Co-Authored-By: Claude Opus 4.8 <noreply@anthropic.com>
Co-authored-by: copilot-swe-agent[bot] <198982749+Copilot@users.noreply.github.com>
@ms609 ms609 merged commit 47c0494 into cpp-search Jun 23, 2026
2 of 7 checks passed
@ms609 ms609 deleted the claude/na-incremental-rescore branch June 23, 2026 09:27
ms609 added a commit that referenced this pull request Jun 23, 2026
…pt-in) (#256)

* perf(iw): x4 reroot batch + extract_char_steps dirty-region for IW TBR

Cherry-pick of 69febb4 onto cpp-search (post-#254). Resolved the
exact_verify candidate-scoring conflict by keeping #254's incremental
rescore path and dropping the directional-audit (na_dir_audit) block
that #254 deliberately removed. Stripped the settled-dead
ts_iw_gather_bench microbench (gather micro-opt proven a dead heat) and
trimmed superseded dev A/B harnesses, keeping only bench_iw_realized.R.

Opts remain kill-switched (TS_IW_NOX4 / TS_IW_NODIRTY); a follow-up
commit flips them default-off for the shared branch. Mission-null at
morphology scale; kept for the large-N / recipe-retune reopen.

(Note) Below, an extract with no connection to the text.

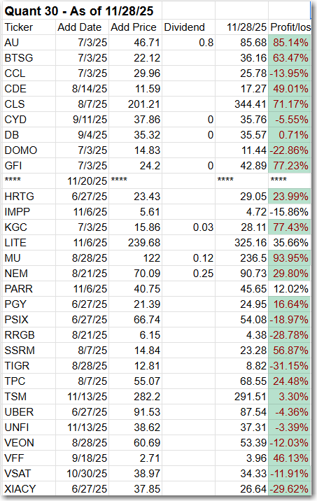 The Quant 30 Portfolio managed to close ahead of the benchmark once again. It is up 14% since it began on June 27, 2025.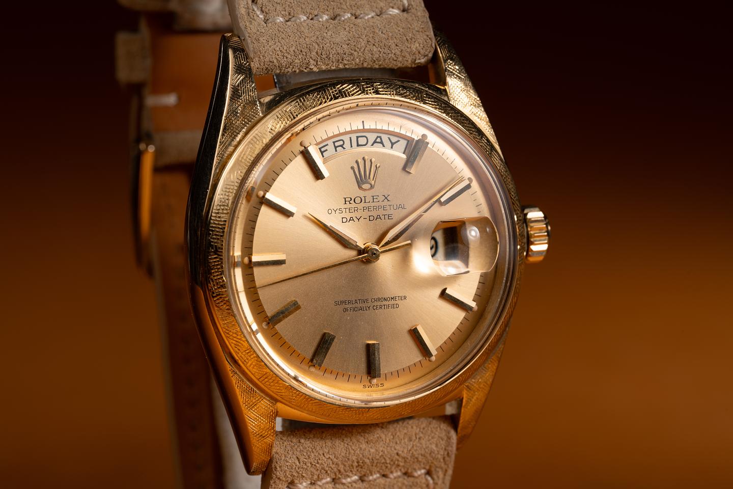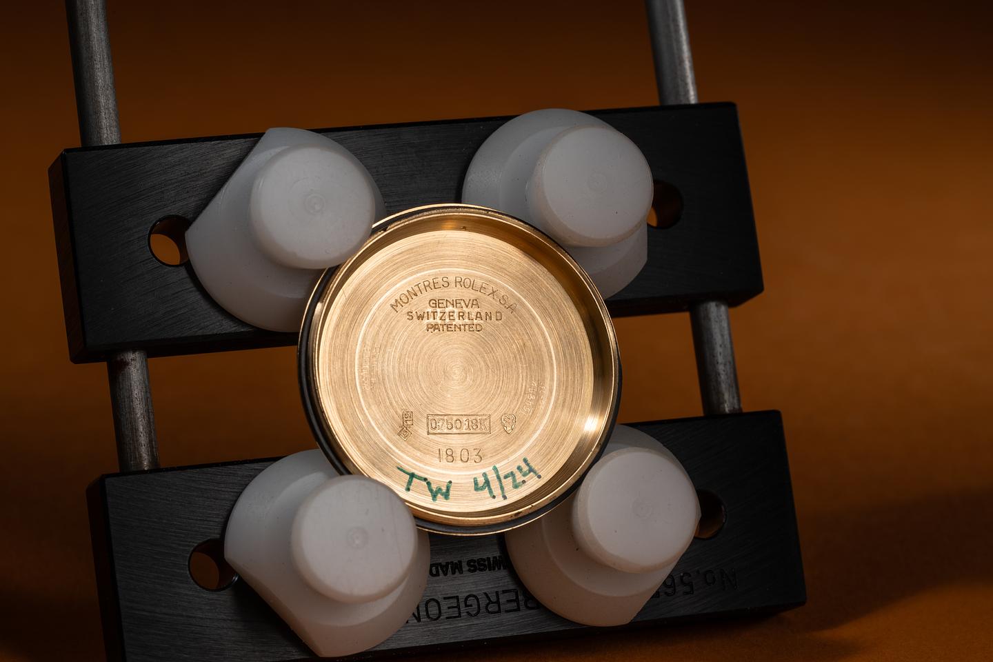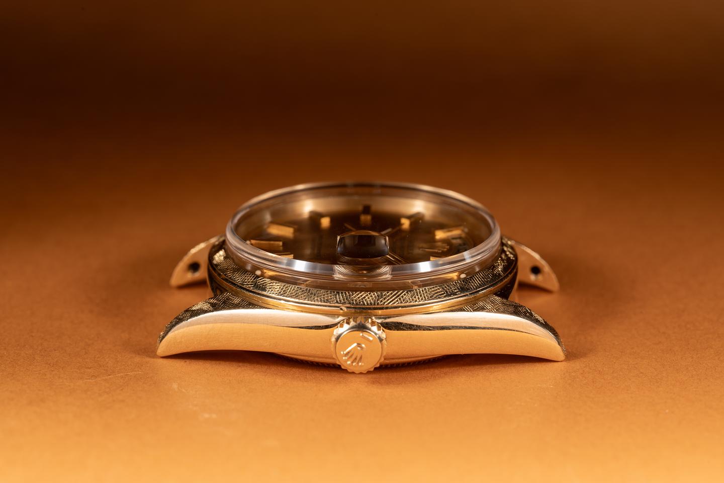 Case: The 18k yellow gold Florentine case is excellent showing only very light wear from use. The 18k yellow gold Florentine bezel is also in excellent condition showing only light wear from use.

Co-Authored-By: Claude Opus 4.8 <noreply@anthropic.com>

* perf(tbr): fire IW dirty/x4 opts on XPIWE; fix nx_cs active_mask underflow

The extract_char_steps dirty-region + x4 reroot-batch opts were gated to
ScoringMode::IW, but production MaximizeParsimony defaults to extended IW
(ScoringMode::XPIWE, ts_data.cpp:297). So the opts were dead on the production
path for every dataset, and the mission-wall A/B (which toggles TS_IW_NOX4/
NODIRTY through MaximizeParsimony) was toggling code that never executed -> the
1.005x "null result". Widen the gate to iw_family = (IW || XPIWE): both modes
score via compute_iw/precompute_iw_delta from the same weighting-agnostic
char_steps, differing only in per-pattern eff_k/phi (which those functions
already consume). PROFILE stays excluded (compute_profile + info_amounts +
precomputed_steps is a genuinely different char_steps convention).

Perf-only / byte-identical: opts-on vs opts-off scores identical across
Dikow/Vinther/Zanol/Giles/Wortley x 3 seeds; SCANCHK clean on XPIWE.

Firing the opts on the production path exposed a pre-existing dirty-region bug:
the nx_cs accumulation did not skip active_mask==0 blocks, but extract_char_steps
(which builds the F cache) does. Under a ratchet ZERO_ONLY perturbation (the
default, ratchetCycles>=3) that fully deactivates a block, divided_steps =
F + cs_delta - nx_cs went negative (TS_IW_DIRTYCHK: dirty=-1 ref=0 on
Dikow2009/Vinther2008). Weighting-independent (plain IW mismatches identically;
reachable today via MaximizeParsimony(extended_iw=FALSE)). The candidate scan
masks needs_step by active_mask so scores were unaffected, but the invariant was
broken. Fix: skip active_mask==0 in the nx_cs loop only; EW nx_cost is left
counting all blocks (its best_score/delta length convention is self-consistent).
DIRTYCHK now clean across 5 datasets x ratchetCycles {0,3,6}.

Add a testthat guard pinning XPIWE opts-on == opts-off (tolerance=0) under
ratchet (the discriminating config; prior tests ran plain-IW or ratchetCycles=0
and were tautological for this path). 398 existing tests still pass.

Co-Authored-By: Claude Opus 4.8 <noreply@anthropic.com>

* perf(tbr): NA-IW 4-wide reroot batch (indirect_na_iw_cached_flat_x4) [perf TBD]

Port the T-245 4-wide reroot ILP batch to the implied-weights + inapplicable
(IW/XPIWE + NA) TBR scan -- the one scoring path that never received it. The NA
reroot scan already had an EW-NA x4 (fitch_na_indirect_cached_flat_x4) but
IW-NA/XPIWE-NA fell to the one-at-a-time scalar indirect_na_iw_length_cached;
the IW x4 branch was !has_na-gated.

New kernel indirect_na_iw_cached_flat_x4 (src/ts_fitch.cpp) fuses the NA
active-mask candidate logic of the EW-NA x4 (from1 reduce, shared
clip_has_active, per-candidate below_actives AND) with the per-candidate
iw_delta ctz-gather of indirect_iw_cached_flat_x4. Each accumulator keeps the
scalar add order of indirect_na_iw_length_cached, so per-candidate results are
bit-identical; the shared all-4-exceed-cutoff bail only changes early-exit on
cutoff-losing candidates. Wired by widening the IW x4 branch gate
(ts_tbr.cpp:1985) to dispatch on has_na, mirroring its own per-candidate skip
re-check and main_edges[ei] indexing; the no-NA path stays byte-identical.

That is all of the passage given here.